*Task item*.
In the entries below, find the line with "It is acceptable" and the line with "- 受地震影響調降之鄉鎮區,在未調升回原". Return those two lines and all lines between them, exactly.

*Records for the exercise*.
____

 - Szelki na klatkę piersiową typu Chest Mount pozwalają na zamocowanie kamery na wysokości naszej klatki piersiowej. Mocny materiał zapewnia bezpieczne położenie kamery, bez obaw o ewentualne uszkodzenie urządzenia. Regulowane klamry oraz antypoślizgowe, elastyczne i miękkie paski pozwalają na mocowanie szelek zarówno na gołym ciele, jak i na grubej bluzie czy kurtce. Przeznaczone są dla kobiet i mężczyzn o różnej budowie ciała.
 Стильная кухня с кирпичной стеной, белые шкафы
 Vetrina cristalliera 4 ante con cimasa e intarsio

____

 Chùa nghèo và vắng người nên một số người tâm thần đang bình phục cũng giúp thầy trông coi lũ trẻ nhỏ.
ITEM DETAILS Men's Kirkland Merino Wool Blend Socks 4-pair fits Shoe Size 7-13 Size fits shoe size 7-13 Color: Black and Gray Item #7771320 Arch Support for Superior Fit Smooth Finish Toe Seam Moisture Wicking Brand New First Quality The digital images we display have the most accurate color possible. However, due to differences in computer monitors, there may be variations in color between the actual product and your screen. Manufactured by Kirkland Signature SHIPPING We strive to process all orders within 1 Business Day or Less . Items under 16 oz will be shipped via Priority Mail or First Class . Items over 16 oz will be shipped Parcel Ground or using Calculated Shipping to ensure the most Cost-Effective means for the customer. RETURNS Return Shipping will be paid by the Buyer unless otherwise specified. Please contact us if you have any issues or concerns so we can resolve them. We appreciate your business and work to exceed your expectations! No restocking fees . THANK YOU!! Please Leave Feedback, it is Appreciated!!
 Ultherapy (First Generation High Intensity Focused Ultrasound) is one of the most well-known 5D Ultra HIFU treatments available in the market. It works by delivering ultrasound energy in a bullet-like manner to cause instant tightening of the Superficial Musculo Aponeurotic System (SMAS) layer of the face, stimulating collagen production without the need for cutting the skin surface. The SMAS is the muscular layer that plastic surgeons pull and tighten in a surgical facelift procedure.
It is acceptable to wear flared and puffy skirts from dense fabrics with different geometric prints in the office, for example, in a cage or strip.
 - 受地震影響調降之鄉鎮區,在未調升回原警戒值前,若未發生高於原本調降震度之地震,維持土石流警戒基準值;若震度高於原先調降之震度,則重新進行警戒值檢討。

____

*Task solution*.
It is acceptable to wear flared and puffy skirts from dense fabrics with different geometric prints in the office, for example, in a cage or strip.
 - 受地震影響調降之鄉鎮區,在未調升回原警戒值前,若未發生高於原本調降震度之地震,維持土石流警戒基準值;若震度高於原先調降之震度,則重新進行警戒值檢討。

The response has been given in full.